Karl Sanford, application developer at OST, demonstrates the HoloLens mixed reality technology. Courtesy OST
Open Systems Technologies (OST) has a giant rocket ship and a purring orange cat sitting in its lobby.
These 3-D objects hover in the air and can be relocated around the room thanks to Microsoft’s HoloLens, a mixed reality headset OST has been testing for the past couple of months.
Mixed reality takes virtual reality technology to the next level by bringing digital objects into the physical environment, “bridging the physical and digital world.”
Karl Sanford, application developer at OST, explained the difference between virtual reality technology and mixed reality technology.
“VR is a technology that allows you to explore and interact with an entirely computer generated 3-D environment. It is an immersive experience that has seen a lot of enthusiasm with advances in technology. Similarly, mixed reality can view and interact with 3-D objects, but different from VR, objects come into your physical space as a hologram.”
Sanford said in the future with mixed reality technology, “you could be working on your actual car, while a 3-D mechanic could diagnose the car and show you how to fix it.”
Sanford said though it is not the only product on the market, HoloLens is leading the pack right now because it is the only system that is untethered.
While HoloLens still needs further iterations before it will be ready to change the world of manufacturing (and many other industries) as we know it, Sanford said there are plenty of ways he sees the technology being used already and several other future applications that are likely.
“A big area that some people are using it for is warehousing, specifically way finding,” Sanford said. “If you are a picker in a warehouse and you have a pick list, because the HoloLens isn’t tethered to a machine, you can go anywhere, and it’s aware of your surroundings.
“You could have a way-finding path that shows up in front of you that you follow to pick these things. It guides your path.”
Sanford said mixed reality also presents faster and more efficient opportunities for rapid prototyping, which currently relies on 3-D printing and VR, both of which have limitations mixed reality can overcome.
“If you have two people wearing HoloLenses you can share an experience of a rapidly prototyped 3-D image and actually have it appear in front of you. Mike (Lomonaco) and I could both be wearing them and see the same thing and be interacting with the same 3-D image through gestures and voice, versus 3-D printing, where you have to wait for it.”
Sanford said the area of diagnostics also will likely benefit from mixed reality. He said a HoloLens use case involving elevator repair shows some of the potential.
“If there is an issue with the elevator, it could alert a service technician — possibly across the country — and that person could get the data (from the elevator) streamed into a HoloLens. On their table in front of them, that person could see a 3-D representation of that actual thing, and integrating that sensor information from a real world elevator, they can then start to look at and diagnose a problem remotely before getting on site to help with diagnostics.”

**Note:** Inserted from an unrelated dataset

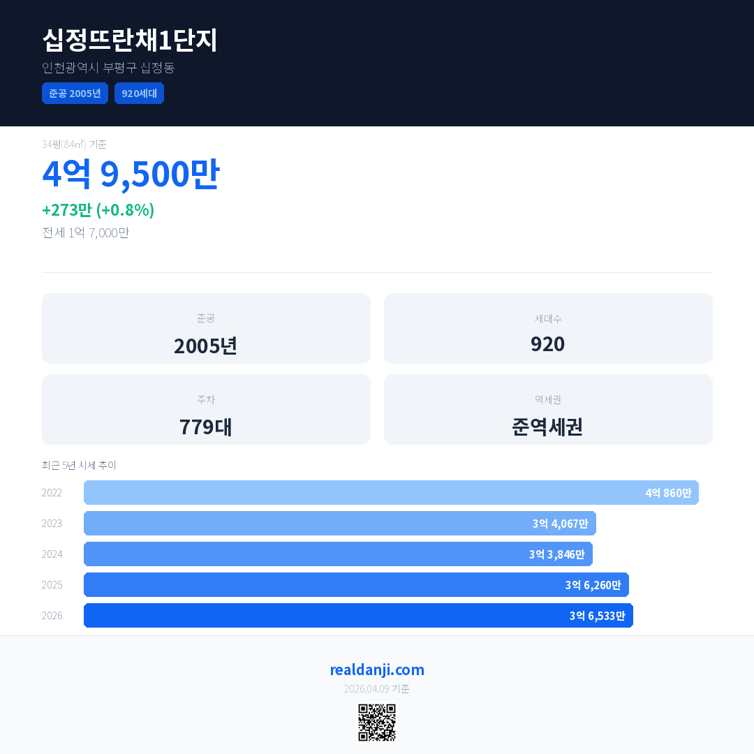 십정뜨란채1단지 최근 거래가는 4억 9,500만입니다. (2026-03)

Another possibility involves the construction industry. With the HoloLens, one person could walk around a construction space and leave notes via the HoloLens for a coworker, who could later put on the HoloLens and tour the space, finding all of the notes that need attention.
Seeing the notes in the actual locations in need of attention provides a much more contextual experience than seeing the notes listed on a tablet screen, he said.
Health care is another space where mixed reality technology is being explored. Case Western Reserve University did a use-case study involving anatomy education, Sanford said.
“Rather than a cadaver lab, you could create a 3-D body with as much detail as you want. Students could wear HoloLenses and have a shared experience looking at this model and being able to manipulate it, look at different layers and not have to go do a cadaver lab,” Sanford said.
Right now, with a starting price of $3,000, the HoloLens is out of reach for many every day consumers, but it’s a steal for manufacturers and businesses with strong R&D budgets, which is one reason Sanford believes the industrial and commercial sectors are starting to invest in the new technology and test its capabilities.
“Because this is so new, tech people are still figuring out how to use it effectively,” Sanford said. “How do we create an intuitive menu for people to play with and manipulate things, and how do we represent that well and usefully?
“There is a lot of experimenting right now and rapidly iterating around those design concepts to try to find that out. The people getting into it right now are framing the user experience and setting.”
But as the technology develops, Sanford believes there isn’t an industry it won’t touch. He talked about health care applications, including telemedicine, home entertainment possibilities and retail experiences as just a few other examples of where he sees this technology beginning to permeate.
“Microsoft is committed to 3-D, not just the HoloLens,” he said. “They see it as the future of computing. They are trying to position themselves to get consumers on board. As that initiative moves forward, expect to see some interesting and compelling user applications.”